The purpose of this study is to fill this gap by documenting the food security status among a nationally representative sample of NHPI adults, and to compare differences in food security status across races/ethnicities.

METHODS

Data Sources

This cross-sectional study used data from the 2014 NHIS and the 2014 NHPI-NHIS. In 2014, the National Center for Health Statistics (NCHS) at the CDC launched the first and only NHIS focused exclusively on NHPI.50 The questionnaire, based on the general NHIS, was administered to NHPI adults randomly selected from households in all 50 US states. In 2014, 2,590 NHPI adults aged 18 years and older and 36,697 adults aged 18 years and older were randomly sampled for the NHPI-NHIS and the NHIS, respectively. The surveys’ sampling procedures are designed to be representative of noninstitutionalized civilian adults living in the US. A more detailed description of the NHPI-NHIS and NHIS can be found elsewhere.5053

Study Population

The CDC defines NHPI as “A person having origins in any of the original peoples of Hawaii, Guam, Samoa, or other Pacific Islands“ (p. 7).51 From the NHPI-NHIS, 51% self-identified as NHPI alone, and 49% as NHPI in combination with 1 or more races. Adults in this latter group who did not consider NHPI as their primary race (n=418) were excluded from analyses. This resulted in a sample size of 2,172 NHPI respondents.

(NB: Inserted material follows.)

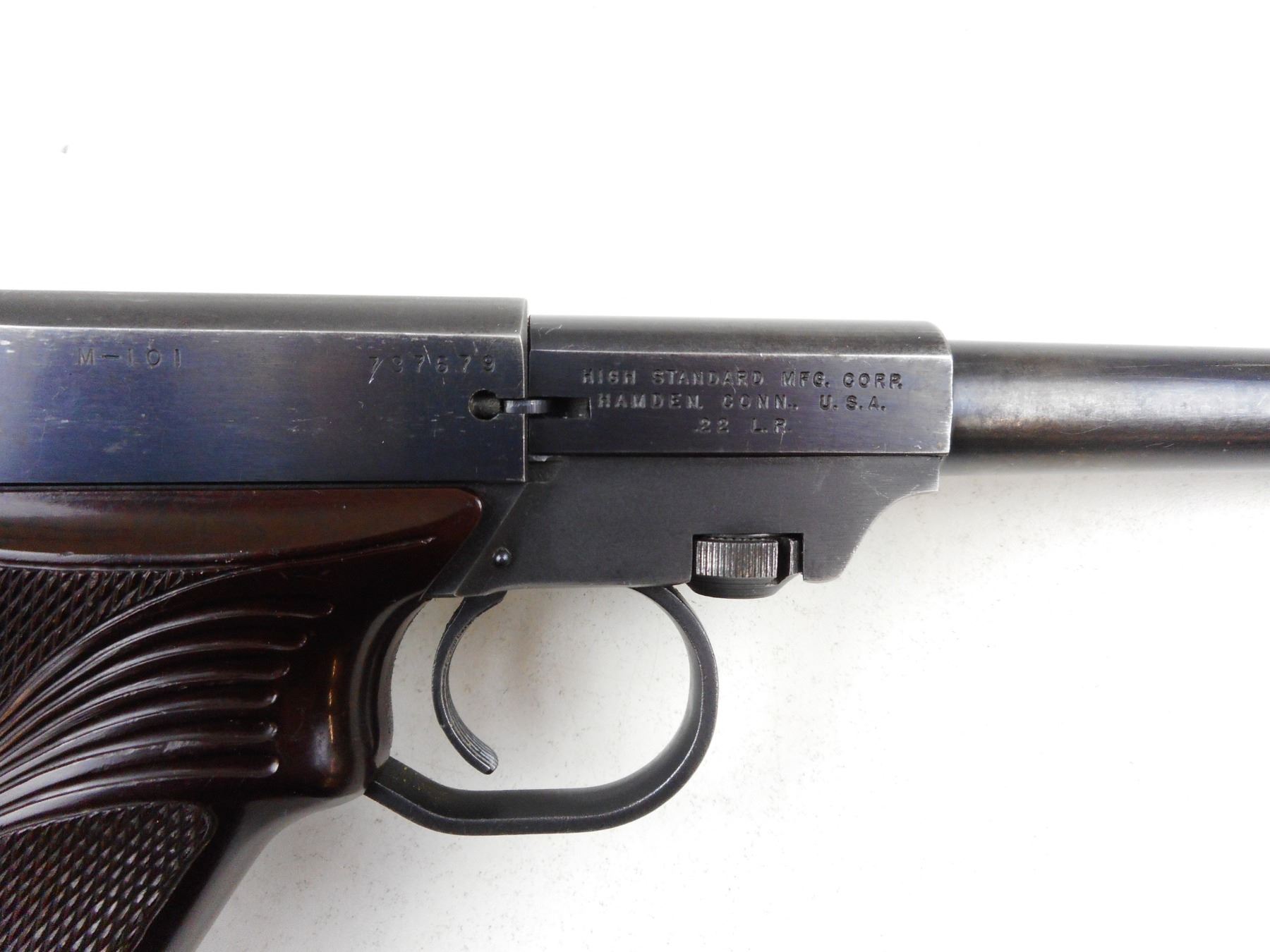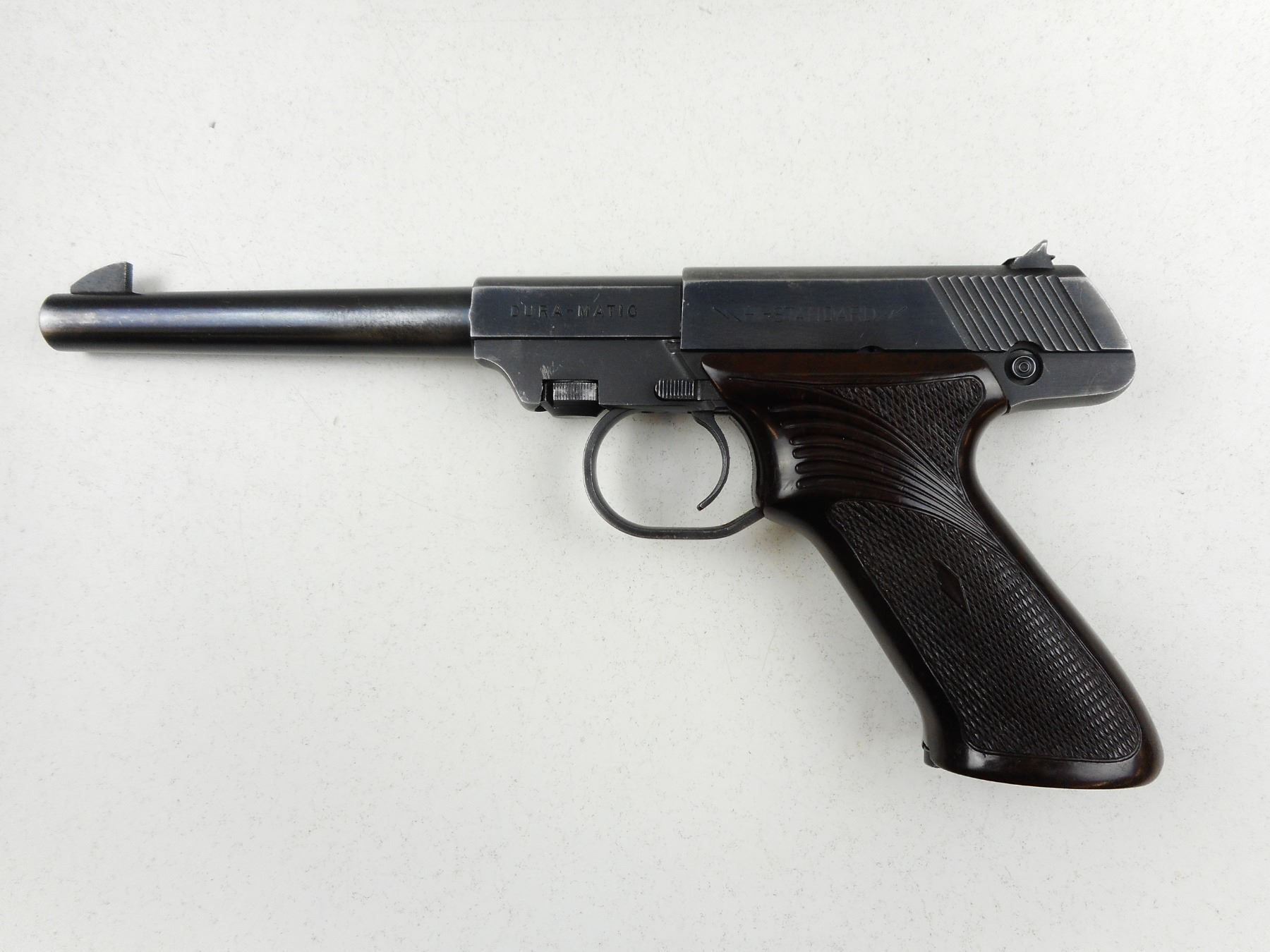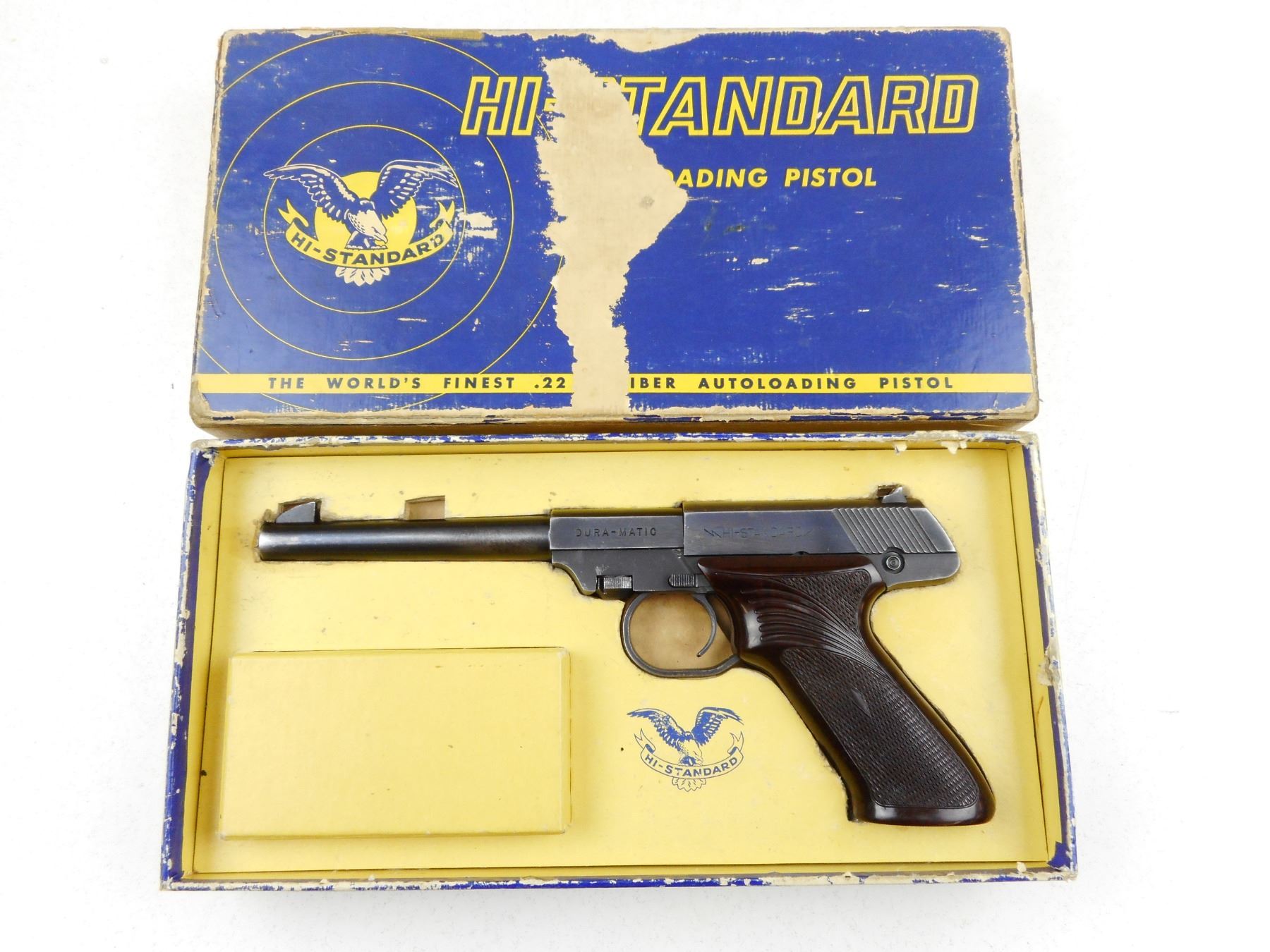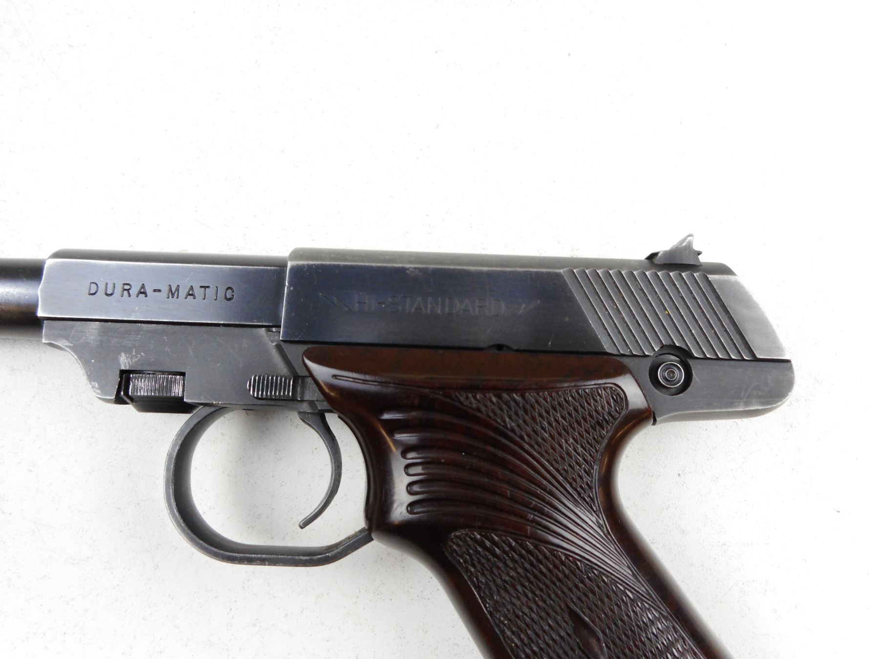 HIGH STANDARD , MODEL: DURA MATIC , CALIBER: 22LR , COMES WITH BOX AND MAGAZINE, BLUE FINISH SHOWING HOLSTER WEAR, NOTCH & BLADE SIGHTS, WRAP AROUND PLASTIC CHECKERED GRIPS, EXCELLENT BORE , ACTION: SEMI-AUTOMATIC , BARREL LENGTH: 165MM , CONDITION: 7/10 , STOCK # R2970 , SERIAL # 737679 , CLASS: CANADIAN RESTRICTED CLASS

In the general NHIS, NHPI descent was not reported for confidentiality reasons as the ‘n’ was too small, so it was not possible to identify NHPI.53 After accounting for missing data on the food security measure, non-Hispanic White (n=23,051), Hispanic (n=6,053), non-Hispanic Black/African-American (n=5,056), and non-Hispanic Asian (n=2,091) adults (hereafter referred to as Whites, Hispanics, Blacks, and Asians) from the general NHIS were included. American Indians/Alaska Natives and individuals of multiple races or with no primary race selected were categorized as “Other” (n=437). The final study sample comprised 38,860 respondents, representing 235,250,552 civilian noninstitutionalized adults aged 18 years and older living in the US.

Food Security

Household food security status was assessed in the NHIS and NHPI-NHIS via the 10-item U.S. Adult Food Security Survey Module (Table 1).54 All respondents were asked the 10-item module, as opposed to the full battery of 18 items that are asked of households with children in the CPS. Furthermore, the NHIS and NHPI-NHIS food security module examines food security during the last 30 days, rather than during the past 12 months.

Table 1.

National Health Interview Survey Food Security Items, Response Options, and Scoring

Survey Items Response Options Score
1. We worried whether our food would run out before we got money to buy more Often true 1
Sometimes true 1
Never true 0
2. The food we bought just didn’t last, and we didn’t have money to get more Often true 1
Sometimes true 1
Never true 0
3. We couldn’t afford to eat balanced meals Often true 1
Sometimes true 1
Never true 0
4. In the last 30 days, did you or other adults in your family ever cut the size of your meals or skip meals because there wasn’t enough money for food? Yes 1
No 0
5. (If “Yes” to Question 4) In the last 30 days, how many days did this happen? (open-ended, number of days, 1–30) ≥3 days 1
≤2 days 0
6. In the last 30 days, did you ever eat less than you felt you should because there wasn’t enough money for food? Yes 1
No 0
7. In the last 30 days, were you ever hungry, bud didn’t eat because there wasn’t enough money for food? Yes 1
No 0
8. In the last 30 days, did you lose weight because there wasn’t enough money for food? Yes 1
No 0
9. In the last 30 days, did you or other adults in your household ever not eat for a whole day because there wasn’t enough money for food? Yes 1
No 0
10. (If “Yes” to Question 9) In the last 30 days, how many days did this happen? (open-ended, number of days, 1–30) ≥3 days 1
≤2 days 0

Data source: NCHS, National Health Interview Survey, 2014. NCHS, Native Hawaiian and Pacific Islander National Health Interview Survey, 2014.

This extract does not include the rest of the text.